--- Data provided Enclosed Below ---
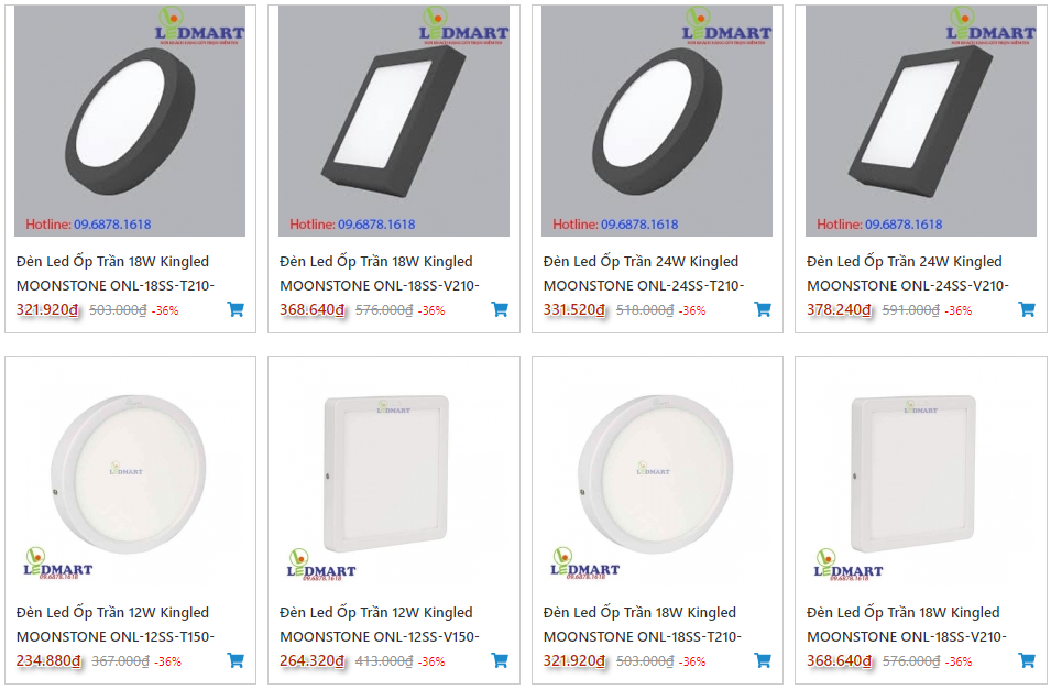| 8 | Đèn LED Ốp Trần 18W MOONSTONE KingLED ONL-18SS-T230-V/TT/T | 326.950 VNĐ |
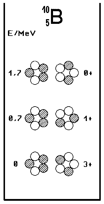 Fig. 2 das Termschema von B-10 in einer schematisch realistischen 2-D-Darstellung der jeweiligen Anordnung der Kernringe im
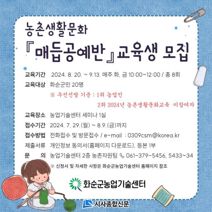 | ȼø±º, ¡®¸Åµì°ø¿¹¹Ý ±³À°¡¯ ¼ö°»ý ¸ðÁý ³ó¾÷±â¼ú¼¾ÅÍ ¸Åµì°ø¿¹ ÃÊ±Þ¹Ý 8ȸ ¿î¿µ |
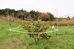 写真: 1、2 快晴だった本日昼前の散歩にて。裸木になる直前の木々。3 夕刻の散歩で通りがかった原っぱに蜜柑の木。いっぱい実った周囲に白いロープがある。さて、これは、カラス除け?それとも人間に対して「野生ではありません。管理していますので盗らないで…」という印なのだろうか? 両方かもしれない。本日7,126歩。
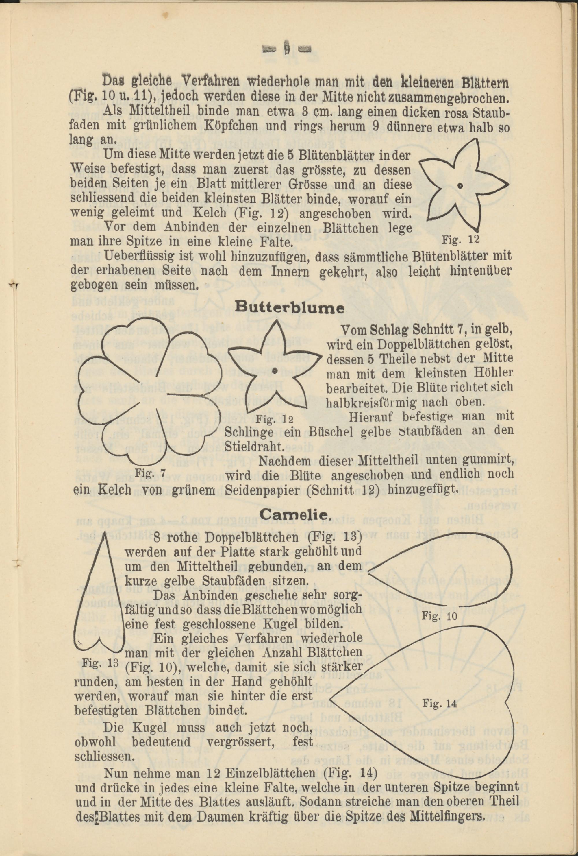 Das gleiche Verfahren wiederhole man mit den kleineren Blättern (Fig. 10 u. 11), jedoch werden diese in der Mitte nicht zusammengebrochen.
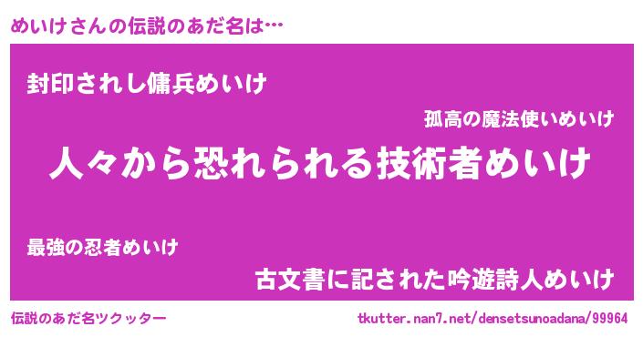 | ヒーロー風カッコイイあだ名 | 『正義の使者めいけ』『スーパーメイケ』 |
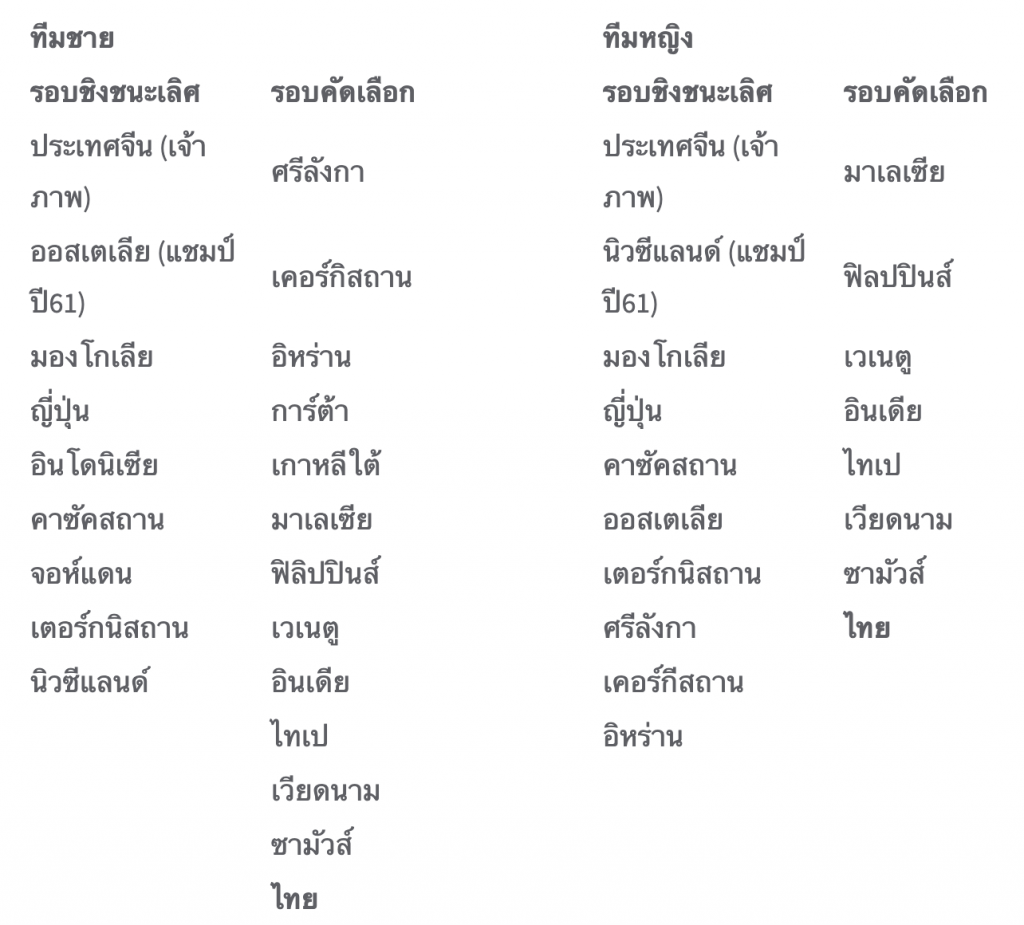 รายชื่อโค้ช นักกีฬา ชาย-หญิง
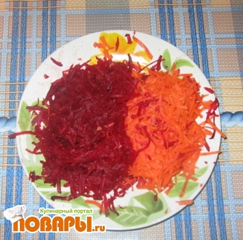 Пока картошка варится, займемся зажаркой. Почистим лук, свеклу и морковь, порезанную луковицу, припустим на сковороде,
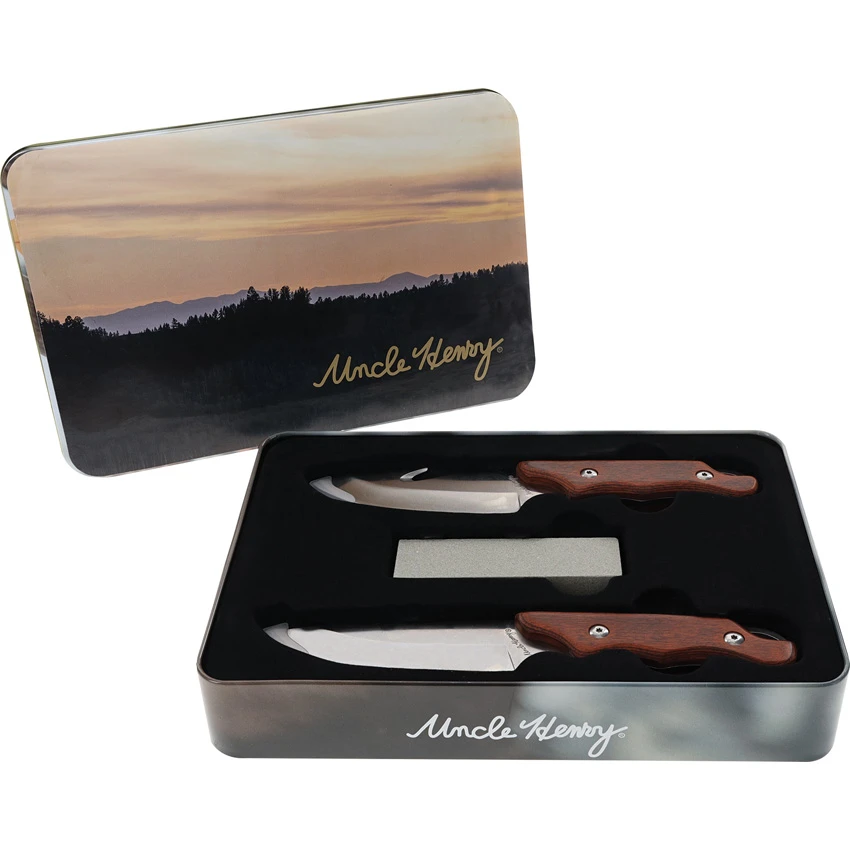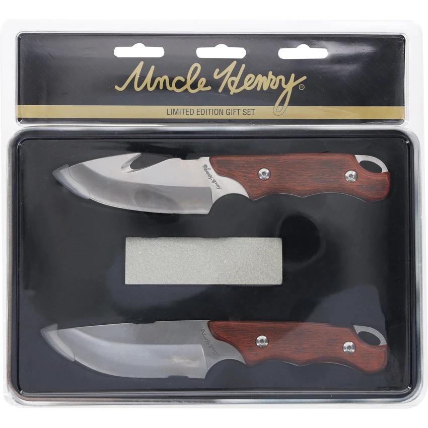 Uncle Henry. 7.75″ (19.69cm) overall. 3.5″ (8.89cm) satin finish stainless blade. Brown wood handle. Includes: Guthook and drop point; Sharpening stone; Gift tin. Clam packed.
--- End of Enclosed Data provided ---
Problem to work on:
Give the records a second time exactly, keeping the images out.

Your response:
| 8 | Đèn LED Ốp Trần 18W MOONSTONE KingLED ONL-18SS-T230-V/TT/T | 326.950 VNĐ |
 Fig. 2 das Termschema von B-10 in einer schematisch realistischen 2-D-Darstellung der jeweiligen Anordnung der Kernringe im
 | ȼø±º, ¡®¸Åµì°ø¿¹¹Ý ±³À°¡¯ ¼ö°»ý ¸ðÁý ³ó¾÷±â¼ú¼¾ÅÍ ¸Åµì°ø¿¹ ÃÊ±Þ¹Ý 8ȸ ¿î¿µ |
 写真: 1、2 快晴だった本日昼前の散歩にて。裸木になる直前の木々。3 夕刻の散歩で通りがかった原っぱに蜜柑の木。いっぱい実った周囲に白いロープがある。さて、これは、カラス除け?それとも人間に対して「野生ではありません。管理していますので盗らないで…」という印なのだろうか? 両方かもしれない。本日7,126歩。
 Das gleiche Verfahren wiederhole man mit den kleineren Blättern (Fig. 10 u. 11), jedoch werden diese in der Mitte nicht zusammengebrochen.
 | ヒーロー風カッコイイあだ名 | 『正義の使者めいけ』『スーパーメイケ』 |
 รายชื่อโค้ช นักกีฬา ชาย-หญิง
 Пока картошка варится, займемся зажаркой. Почистим лук, свеклу и морковь, порезанную луковицу, припустим на сковороде,
 Uncle Henry. 7.75″ (19.69cm) overall. 3.5″ (8.89cm) satin finish stainless blade. Brown wood handle. Includes: Guthook and drop point; Sharpening stone; Gift tin. Clam packed.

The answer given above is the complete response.